Start of RECORDS SHOWN

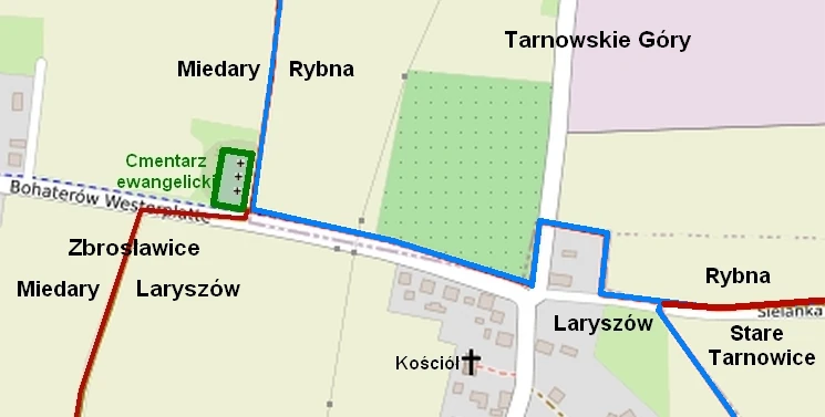 Zanim w 1928 r. poświęcono w Laryszowie nowo zbudowany kościół Stefana, tamtejsi protestanci cztery lata wcześniej w maju, uzyskali zgodę na założenie cmentarza. Znajduje się do dziś na terenie Miedar, a jego ogrodzenie od wschodu przylega do granicy z Rybną. Nie jest to jego jedyny związek z Tarnowskimi Górami.
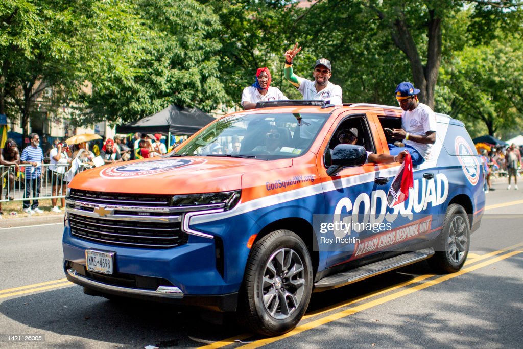 Members of Godsquad “Clergy Crisis Responce Unit” with marchers as they participate in the annual West Indian Day parade on September 5, 2022 in the Brooklyn Borough of New York City. (Photo by Roy Rochlin/Getty Images)
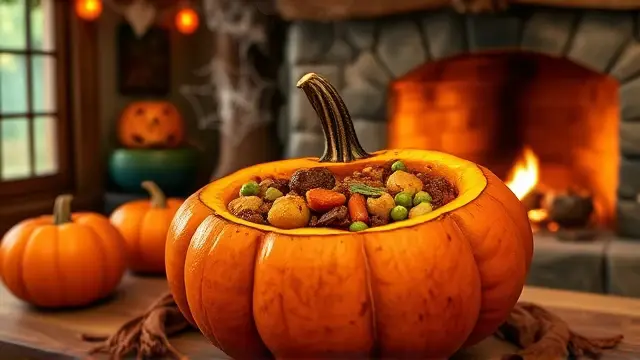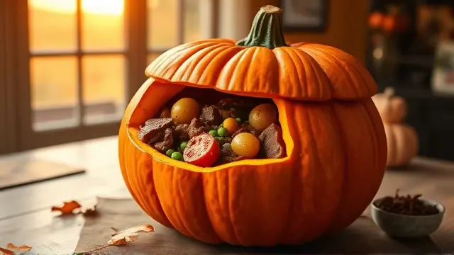 Combine and Serve: Once the stew is thick and flavors melded (about 1-1.5 hours), carefully transfer the mixture into the baked pumpkin. Serve directly from the pumpkin for a festive presentation!
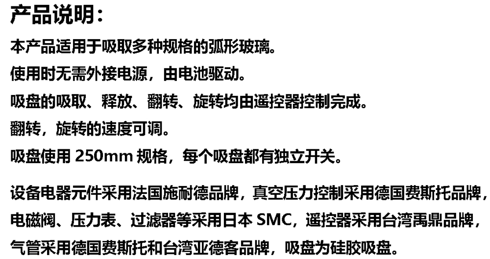 本产品适用于吸取多种规格的弧形玻璃。
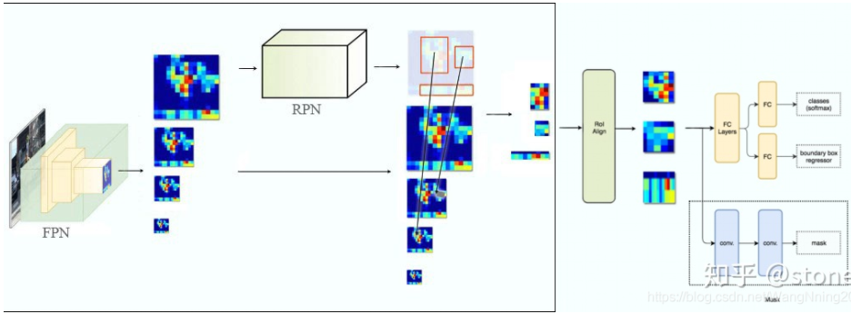 - ROIAlign 部分:对获得的 ROI 区域执 ROIAlign 操作,即先将原图和 feature map 的 pixel 对应起来,然后将不同目标的 feature map 转为相同大小的 featrue
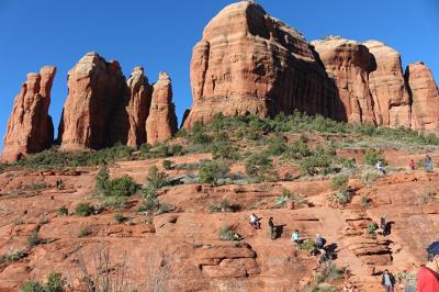 セドナのアップタウンからVerde Shuttle、Sedona Shuttle を乗り継いで登山口の駐車場まで行きました。カセドラルロックの往復だけなら1~2時間で十分でしょう。私たちは、ベルロックまでハイキングコースを歩く周回ルート(5時間半)を歩きました。
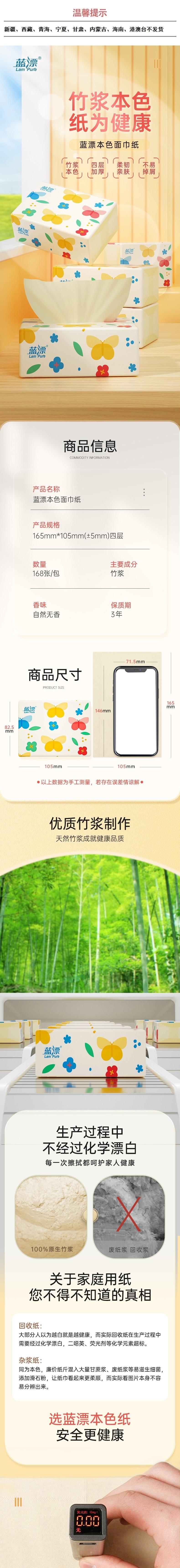 蓝漂 天府韵系列小号抽纸4层168张竹浆本色16包 LP-24379
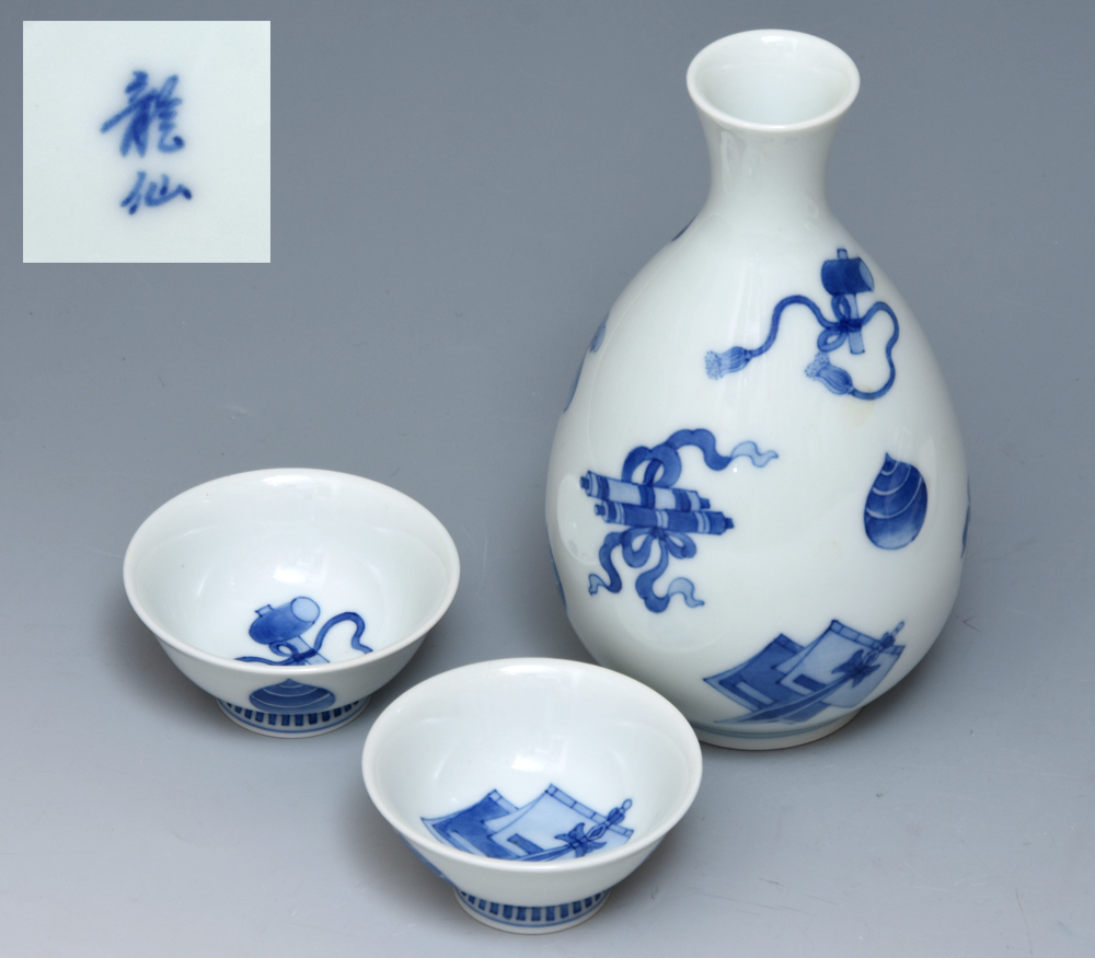 > 伝統工芸士 市川龍男(造)龍仙窯 鍋島焼 染付宝珠文徳利 酒杯2 酒器セット 酒盃 盃 杯 猪口 懐石道具 茶懐石 和食器 増崎龍男 z8537o
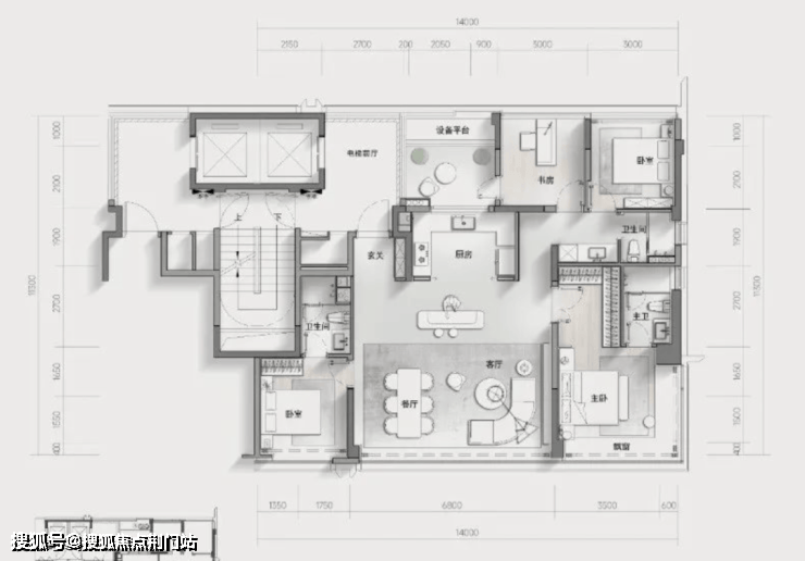 特别值得一提的是,户型设有独立电梯前厅,具备一定的私密性和收纳空间,电梯厅、设备阳台与书房互通,在可改性上也留有空间想象力。
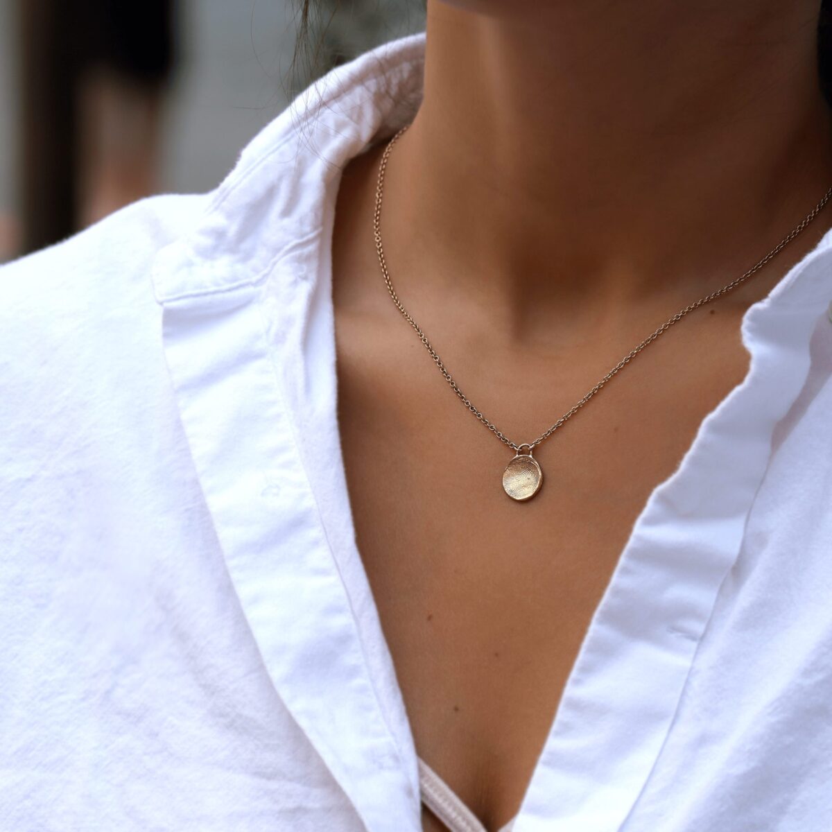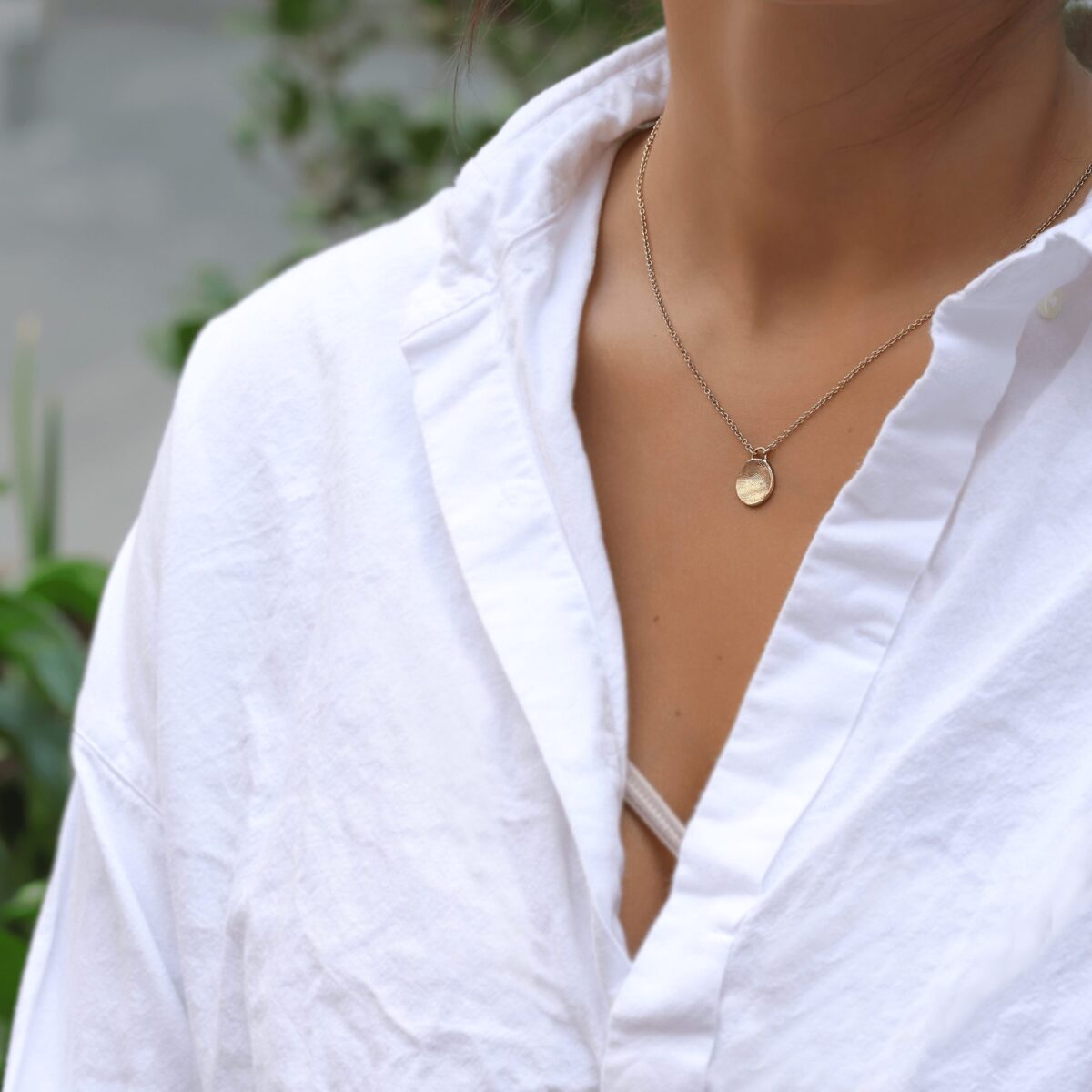 שרשרת מרגשת ואישית עם טביעות אצבע של אהוביך בזהב 14k. טביעת האצבע תוטבע בטבעת בעבודת יד בטכניקה ייחודית. אנא התקשרו אלינו לתיאום החוויה המשותפת שלנו בסטודיו.
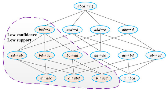 Simple association rules are generated from the frequent item sets, and association rules with confidence levels greater than the threshold value are selected to form an effective rule set. If is greater than the confidence threshold specified by the user (see Equation (2)), then the association rule can be generated.
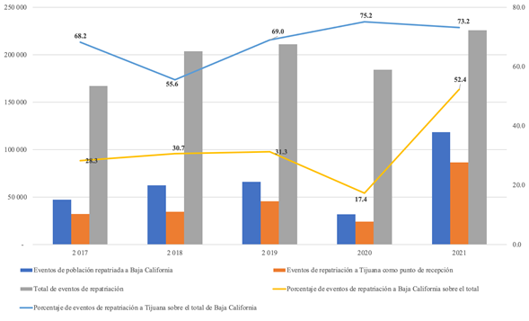 En un mayor nivel de especificidad, situándonos en la ciudad de Tijuana, las estadísticas de la Unidad de Política Migratoria permiten dimensionar la importancia que esta tiene como punto de recepción para los eventos de repatriación de mexicanos y mexicanas. Entre 2017 y 2019 alrededor de 30 % del total de eventos ocurría a Baja California, cifra que en 2021 alcanzó casi 53 %. De estos, durante el periodo 2017-2021, en la mayor parte de los años las proporciones se situaron por arriba del 68 % de los eventos en los que Tijuana se ubicó como el principal punto de recepción (ver Gráfica 4).
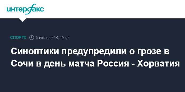 Москва. 5 июля. INTERFAX.RU - Гроза пройдет в Сочи 7 июля незадолго до вечернего матча сборных России и Хорватии 1/4 финала Чемпионата мира по футболу, во время игры ожидается 20-22 градусов.
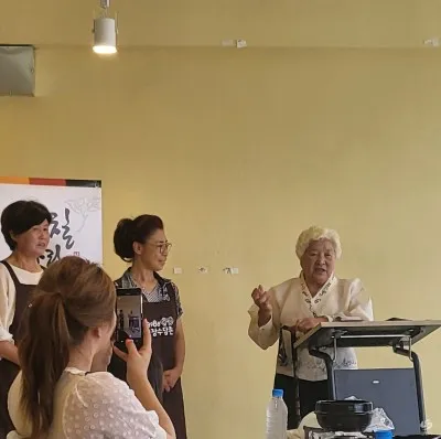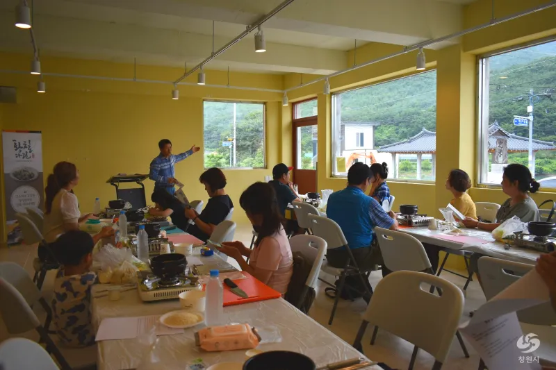 학동마을에 오래전부터 황칠나무를 심어 청국장에 황칠액을 넣어 구수하면서도 건강한 마을 명품인 황칠 청국장을 개발하고 시판하고 있다는 학동마을 제종열 이장님의 인사 말씀과 학동마을 명품 황칠청국장 명인이신 윤일년 어르신의 청국장 만드는 과정의 설명을 듣고 있습니다.
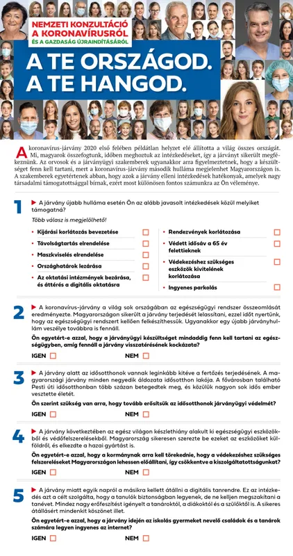 Farkas Örs, a Kormányzati Tájékoztatási Központ szóvivője az M1 aktuális csatorna június 8-ai műsorában elmondta: a koronavírusról és a gazdaság újraindításának intézkedéseiről kezdeményezett nemzeti konzultáció kérdései révén egyebek mellett a családok ingyenes internet-használatáról, egy állandó magyar járványügyi szolgálatról és a hazai turizmus népszerűsítéséről kérik ki az emberek véleményét. Kitért arra is, hogy az elmúlt időszakban született az Európai Unióban néhány olyan ítélet, amely Magyarországot elmarasztalta migrációs politikája miatt, ezért az utolsó két kérdés erre vonatkozik.
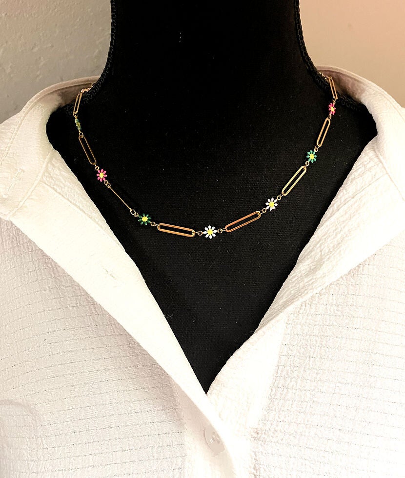 Experience the perfect combination of elegance and comfort with the Daisy link necklace from BiBz Designs. Handmade from high-quality stainless steel and decorated with colorful links and Daisy flowers, this necklace is not only fashionable, but also lightweight and comfortable to wear.

End of RECORDS SHOWN

▶ **AIM OF THE EXERCISE**
Exactly reproduce the run of lines from the start of the listing through the line with "- ROIAlign 部分:对获得的", inclusive; pictures are not copied.

▶ **SOLUTION FOR THIS EXERCISE**
 Zanim w 1928 r. poświęcono w Laryszowie nowo zbudowany kościół Stefana, tamtejsi protestanci cztery lata wcześniej w maju, uzyskali zgodę na założenie cmentarza. Znajduje się do dziś na terenie Miedar, a jego ogrodzenie od wschodu przylega do granicy z Rybną. Nie jest to jego jedyny związek z Tarnowskimi Górami.
 Members of Godsquad “Clergy Crisis Responce Unit” with marchers as they participate in the annual West Indian Day parade on September 5, 2022 in the Brooklyn Borough of New York City. (Photo by Roy Rochlin/Getty Images)
 Combine and Serve: Once the stew is thick and flavors melded (about 1-1.5 hours), carefully transfer the mixture into the baked pumpkin. Serve directly from the pumpkin for a festive presentation!
 本产品适用于吸取多种规格的弧形玻璃。
 - ROIAlign 部分:对获得的 ROI 区域执 ROIAlign 操作,即先将原图和 feature map 的 pixel 对应起来,然后将不同目标的 feature map 转为相同大小的 featrue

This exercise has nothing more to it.